§ TRY IT
Transcribe the entries below exactly, starting with the line that has "A vibrant floral" and stopping after the line that has "Pewter Semi Precious"; no pictures belong in the copy.

§ DATA SHOWN
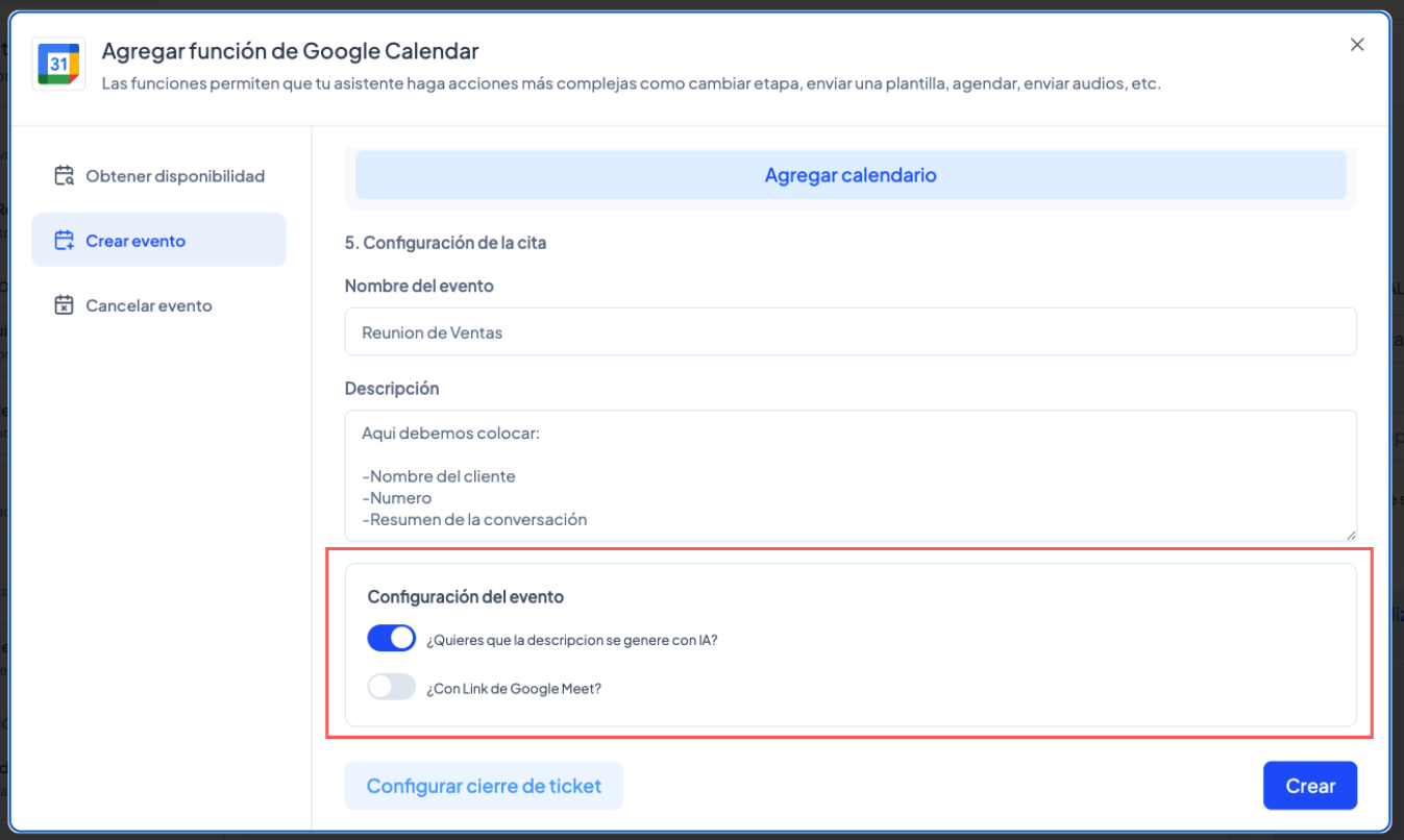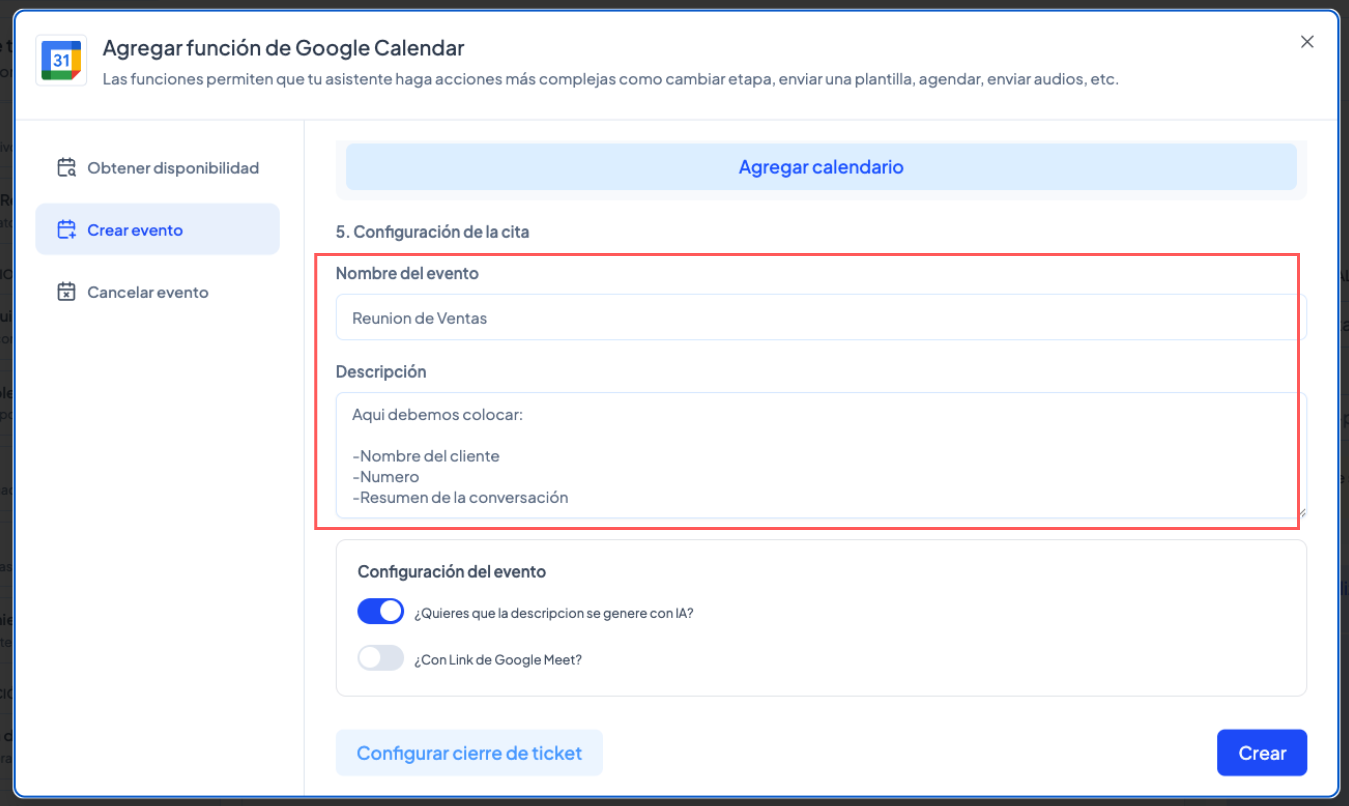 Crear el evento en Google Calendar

--

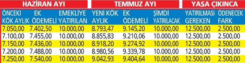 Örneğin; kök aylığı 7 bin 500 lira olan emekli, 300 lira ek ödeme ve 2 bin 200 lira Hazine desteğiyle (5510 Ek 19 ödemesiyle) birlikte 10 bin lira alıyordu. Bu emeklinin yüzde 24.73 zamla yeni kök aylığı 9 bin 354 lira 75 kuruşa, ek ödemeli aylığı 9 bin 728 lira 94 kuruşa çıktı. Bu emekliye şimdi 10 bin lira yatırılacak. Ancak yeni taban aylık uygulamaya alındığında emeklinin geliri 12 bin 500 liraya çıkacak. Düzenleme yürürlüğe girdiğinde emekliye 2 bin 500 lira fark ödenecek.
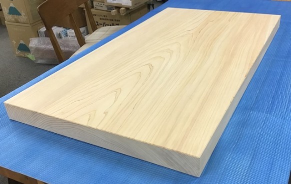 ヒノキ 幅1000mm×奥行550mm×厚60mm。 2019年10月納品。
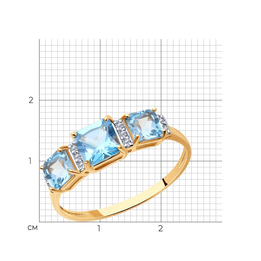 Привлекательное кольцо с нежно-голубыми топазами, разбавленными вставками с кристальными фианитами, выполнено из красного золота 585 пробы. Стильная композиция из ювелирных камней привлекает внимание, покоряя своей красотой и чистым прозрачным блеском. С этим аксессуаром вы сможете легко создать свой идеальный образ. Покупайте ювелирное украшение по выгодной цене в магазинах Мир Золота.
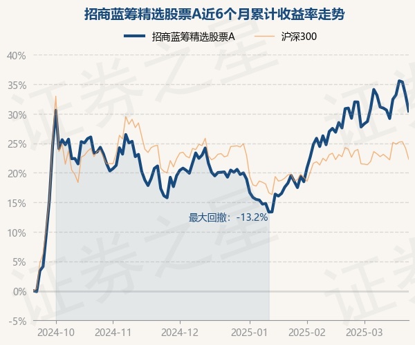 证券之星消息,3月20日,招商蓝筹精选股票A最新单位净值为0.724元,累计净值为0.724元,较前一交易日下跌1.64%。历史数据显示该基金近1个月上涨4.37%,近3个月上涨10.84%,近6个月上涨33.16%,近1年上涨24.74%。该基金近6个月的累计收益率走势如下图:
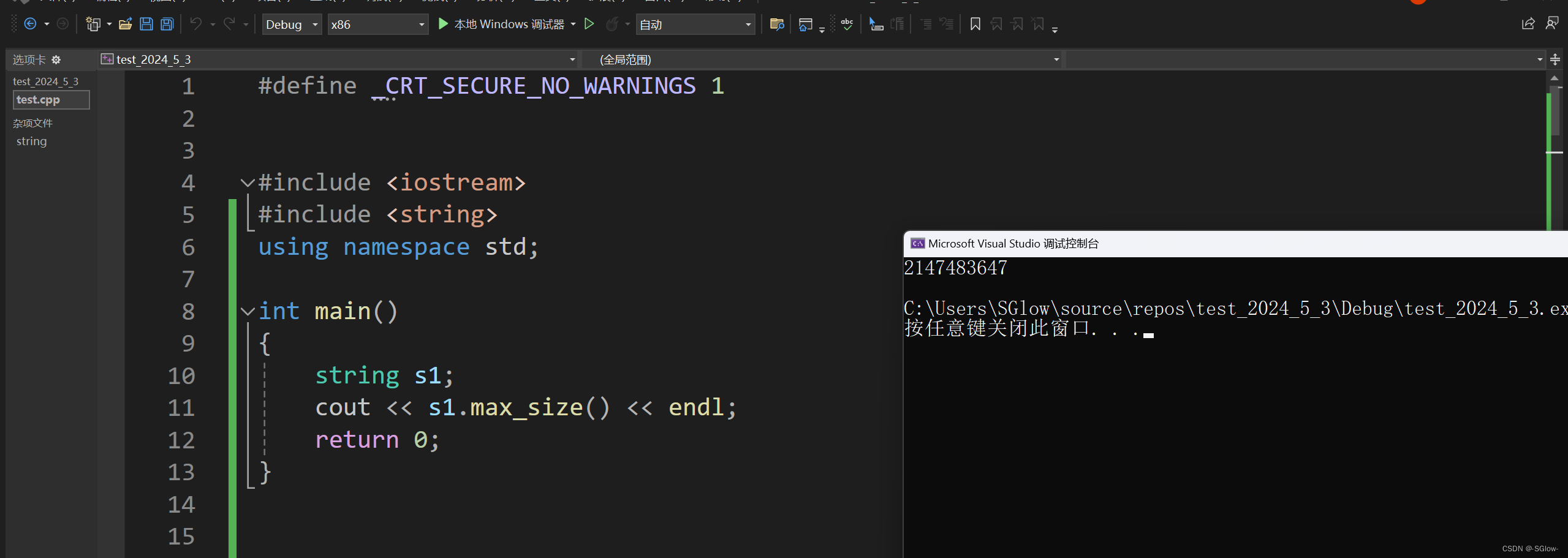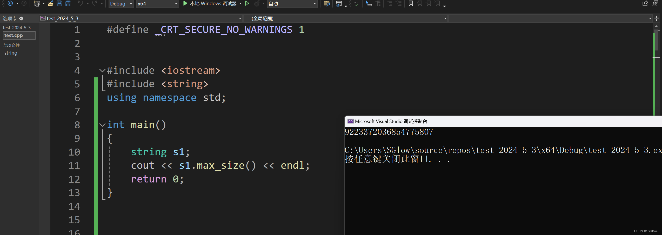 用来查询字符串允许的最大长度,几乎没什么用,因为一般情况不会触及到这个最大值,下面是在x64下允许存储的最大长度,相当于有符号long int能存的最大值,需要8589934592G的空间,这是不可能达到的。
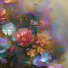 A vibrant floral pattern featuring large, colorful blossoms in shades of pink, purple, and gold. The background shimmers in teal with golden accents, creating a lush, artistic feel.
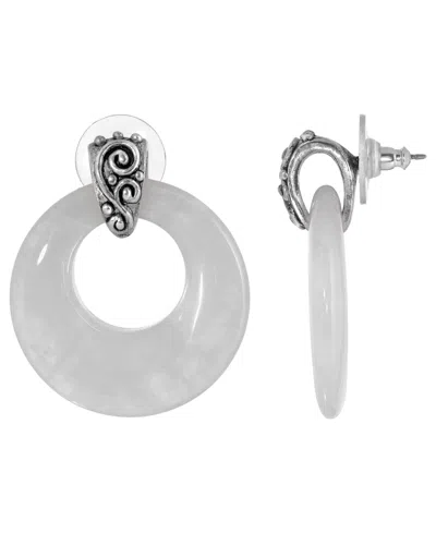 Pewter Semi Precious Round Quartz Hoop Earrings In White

§ SOLUTION TO THIS PROBLEM
 A vibrant floral pattern featuring large, colorful blossoms in shades of pink, purple, and gold. The background shimmers in teal with golden accents, creating a lush, artistic feel.
 Pewter Semi Precious Round Quartz Hoop Earrings In White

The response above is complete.